Jak stwierdziłem w grudniu, trzeci rozdział Ewangelii Jana ukazuje drogę wtajemniczenia do życia wiecznego. Składa się ona z dwóch zasadniczych etapów: „rzeczy ziemskie” i „rzeczy niebiańskie”. Pod „rzeczami ziemskimi” ukrywa się biblijny judaizm, pod „niebiańskimi” – tzw. mesjanizm Jezusa. Żeby wejść w sferę mesjanizmu Jezusa, należy się narodzić z wody i ducha. Woda jest metaforą religijności Tory, duch – religijności Proroków. Religijność Tory najtrafniej opisuje Szema Israel, które stało się istotną modlitwą religijnego Żyda (Pwt 6,4-9).
Łącznikiem między pierwszą i drugą częścią dialogu Jezusa z Nikodemem jest wypowiedź: „Jeśli o rzeczach ziemskich powiedziałem wam i nie wierzycie, to jak uwierzycie, jeśli powiem wam o rzeczach niebiańskich?”. Cytuję teksty za Pana tłumaczeniem.
To właściwie jest pomost między dialogiem z Nikodemem a monologiem Jezusa. Identyczną strukturę (dialog – monolog) posiada rozdział piąty czy szósty Ewangelii Jana.
Jak należy rozumieć to ostrzeżenie Jezusa?
Kto nie wierzy w dyskurs o konieczności dla siebie narodzin z wody i ducha, to niech nie zawraca sobie głowy dyskursem o „rzeczach niebiańskich”. Rzeczywistym adresatem monologu Jezusa (3,12‑21) jest „noworodek Boga”. Żeby czytelnik coś z tego monologu zrozumiał, powinien starać się wejść w rolę adresata wirtualnego.
„Noworodek Boga” to prowokacyjne wyrażenie.
Zakorzenione w tradycji żydowskiej. W epoce zapoczątkowanej przez Misznę jeden rabin przyrównał egzystencję Izraelitów na pustyni do noworodka. Inny stwierdził, że Izrael został poczęty na Synaju za pośrednictwem Tory. Jeszcze inny noworodkiem nazwał prozelitę na judaizm.
Czy dlatego na początku monologu Jezusa znajduje się nawiązanie do pustyni: „Jak Mojżesz wywyższył węża na pustyni, trzeba żeby Syn Człowieczy został wywyższony, aby każdy, który wierzy w Niego, miał życie wieczne”?
Wynika stąd, że „noworodek Boga” nie posiada życia wiecznego.

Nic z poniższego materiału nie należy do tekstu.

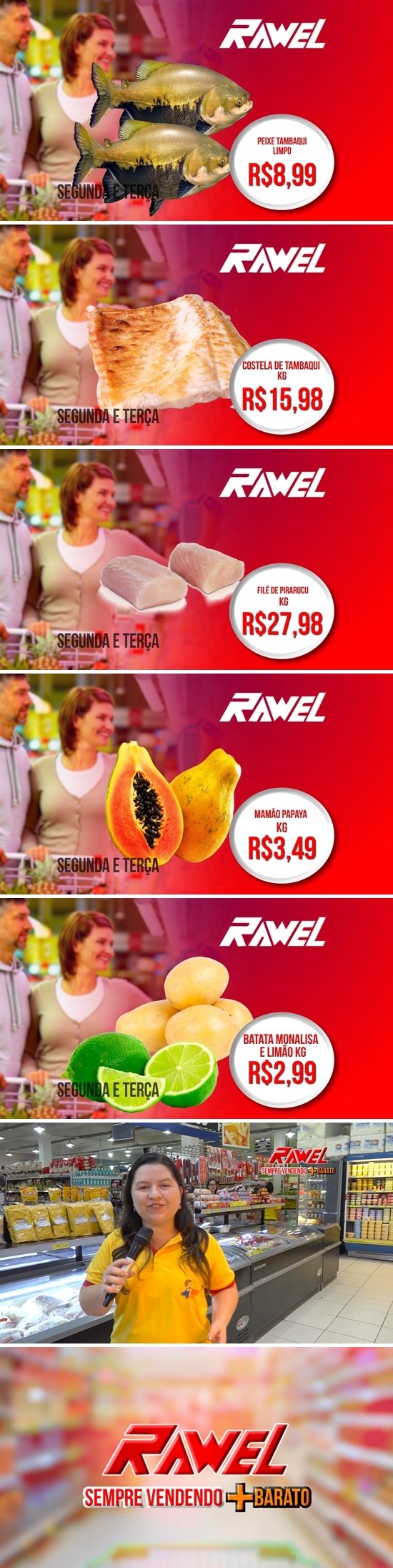 Mais baratos todos os dias é só no Rawel. Na Avenida Jamari, em frente à Praça da Vitória.
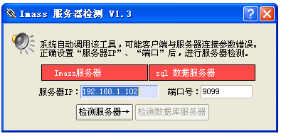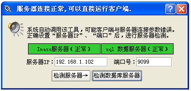 添加正确的服务器IP、端口号,然后点击按钮“检测服务器”,再点击按钮“检测数据库服务器”,若一切正常无错误,窗口状态(如下图)

Jego cnotliwe życie nie jest jeszcze życiem wiecznym. Stoi przed nim jako cel inicjacji mesjańskiej.
Ten cel „noworodek Boga” osiąga na „pustyni”?
Nie, pustynia jako taka jest punktem odniesienia w dyskursie Jezusa, ale jeden epizod pustynny zreferowany w Księdze Liczb, kiedy to lud zaczął szemrać przeciw Bogu i Mojżeszowi. Oskarżono Mojżesza i Boga, że wyprowadzili ich z Egiptu, by poginęli na pustyni. Wtedy Bóg zesłał na szemrających plagę węży. Kogo wąż ukąsił, ten umierał (Lb 21,4-9).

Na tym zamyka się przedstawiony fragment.